▶ [WHAT YOU NEED TO DO] Reproduce exactly the lines below, from the first one through the line containing "Papfigur af en", and omit any pictures.

▶ [DATA EXTRACTS]
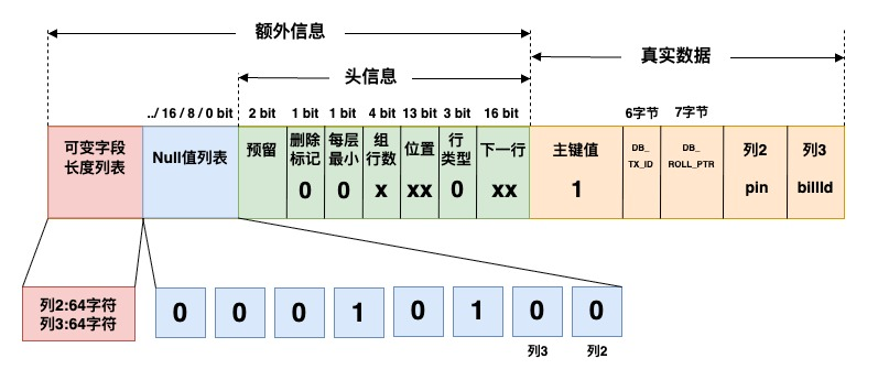 每个列可用1~2字节表示,列字节数为0~255时,占用1字节表示;字节数256~65535时,占用2字节表示。最大可为16bit,2^16可以表示65535字节=16383字符 utf8mb4(Mysql5.7允许的varchar长度上限)。可变长字段太大可能本页放不下,会将字段单独放到一个溢出页。 |
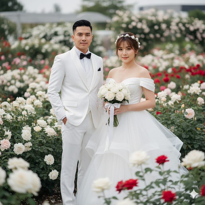 Outfit (Woman): Dress: Long white wedding gown with a ball gown or A-line silhouette. The top of the gown is off-shoulder with a sweetheart neckline, featuring ruffle details made of tulle or organza around the shoulders and chest. The skirt of the gown has multiple layers of tulle or chiffon to create volume. Accessories: Small black ribbon on the side of the hair. Small and simple earrings. Shoes: Clean white pointed-toe pumps or heels.
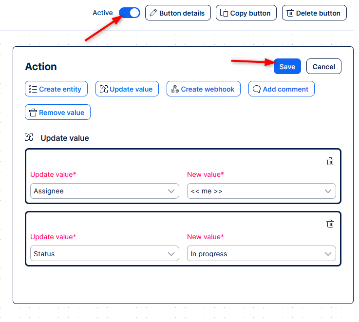 Co se týče akcí, automatizační tlačítka mohou aktualizovat atributy úkolu, na který se kliká, mohou tam vkládat komentáře, mohou vytvářet podúkoly nebo související úkoly ze šablony nebo volat webhook.
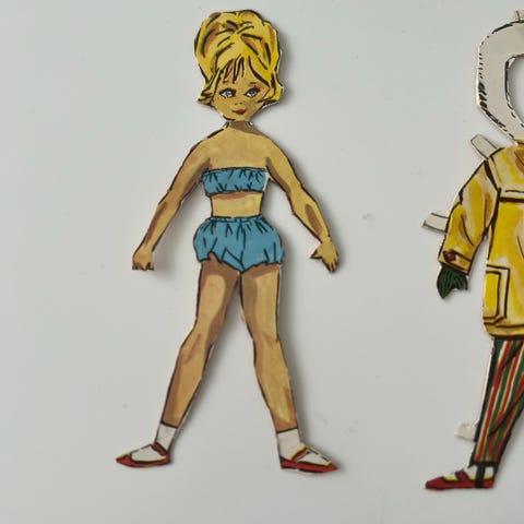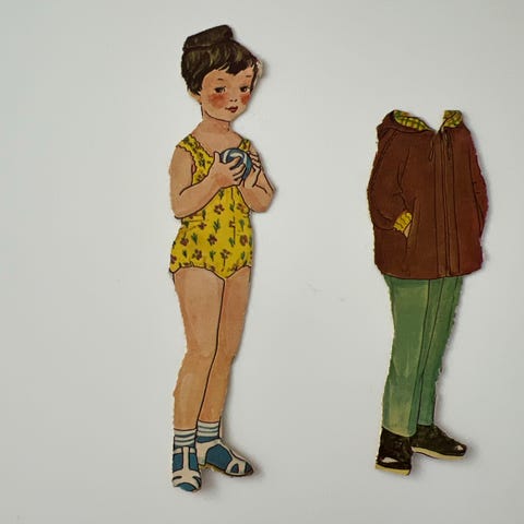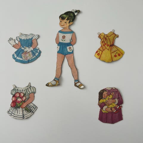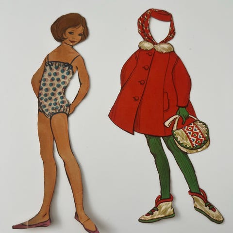 Papfigur af en pige med tilhørende tøj i papir, herunder kjoler, frakke og hat i forskellige farver og mønstre. Figuren og tøjet kan anvendes til leg eller dekoration.
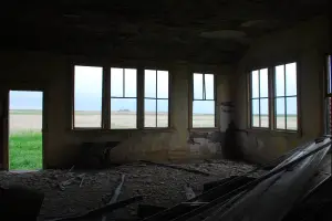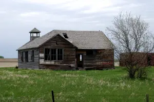 To get there, follow highway 12. It is about 7 miles west of Bowman and about 6 miles east of Rhame. It is identified by a grain elevator about a 1/4 mile west of the town. Griffin sits about 1/4 mile north of the main road on the opposite side of a rail road. The road that goes over the tracks has been taken out, so a walk of a few yards is nessassary. REMAINS: Old school house, several newer but abandoned trailer houses, barn, as well as two other buildings, possibly the general store and gas station. |
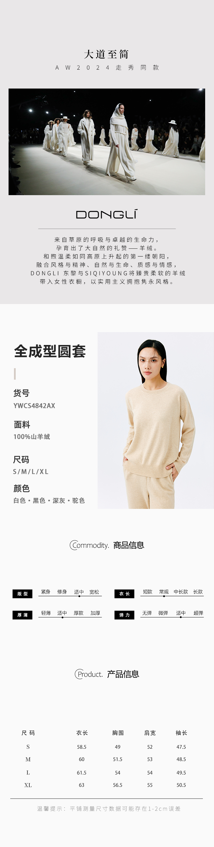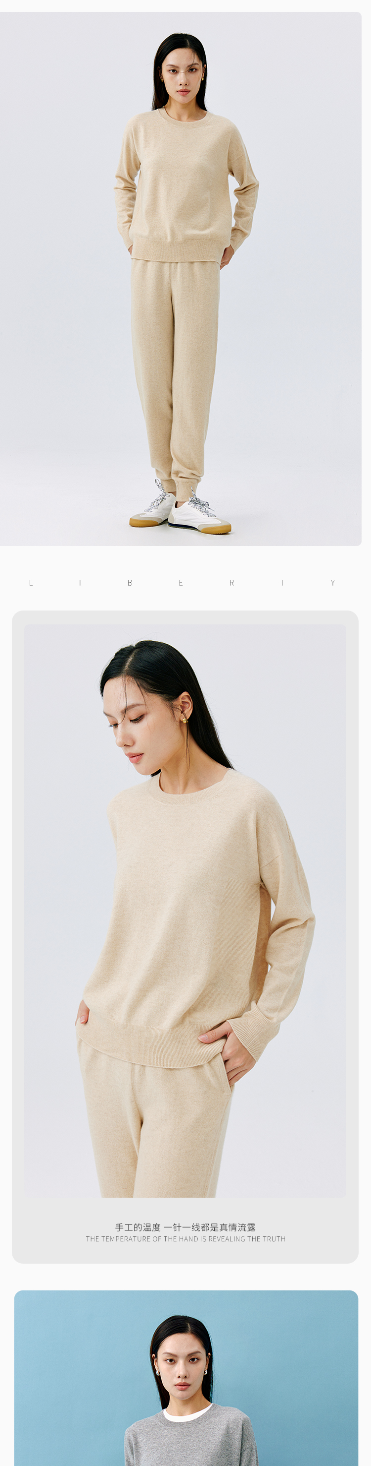 东黎 • 山羊绒女士秋冬全成型圆领百搭长袖套衫 4842

▶ [EXERCISE ANSWER]
 每个列可用1~2字节表示,列字节数为0~255时,占用1字节表示;字节数256~65535时,占用2字节表示。最大可为16bit,2^16可以表示65535字节=16383字符 utf8mb4(Mysql5.7允许的varchar长度上限)。可变长字段太大可能本页放不下,会将字段单独放到一个溢出页。 |
 Outfit (Woman): Dress: Long white wedding gown with a ball gown or A-line silhouette. The top of the gown is off-shoulder with a sweetheart neckline, featuring ruffle details made of tulle or organza around the shoulders and chest. The skirt of the gown has multiple layers of tulle or chiffon to create volume. Accessories: Small black ribbon on the side of the hair. Small and simple earrings. Shoes: Clean white pointed-toe pumps or heels.
 Co se týče akcí, automatizační tlačítka mohou aktualizovat atributy úkolu, na který se kliká, mohou tam vkládat komentáře, mohou vytvářet podúkoly nebo související úkoly ze šablony nebo volat webhook.
 Papfigur af en pige med tilhørende tøj i papir, herunder kjoler, frakke og hat i forskellige farver og mønstre. Figuren og tøjet kan anvendes til leg eller dekoration.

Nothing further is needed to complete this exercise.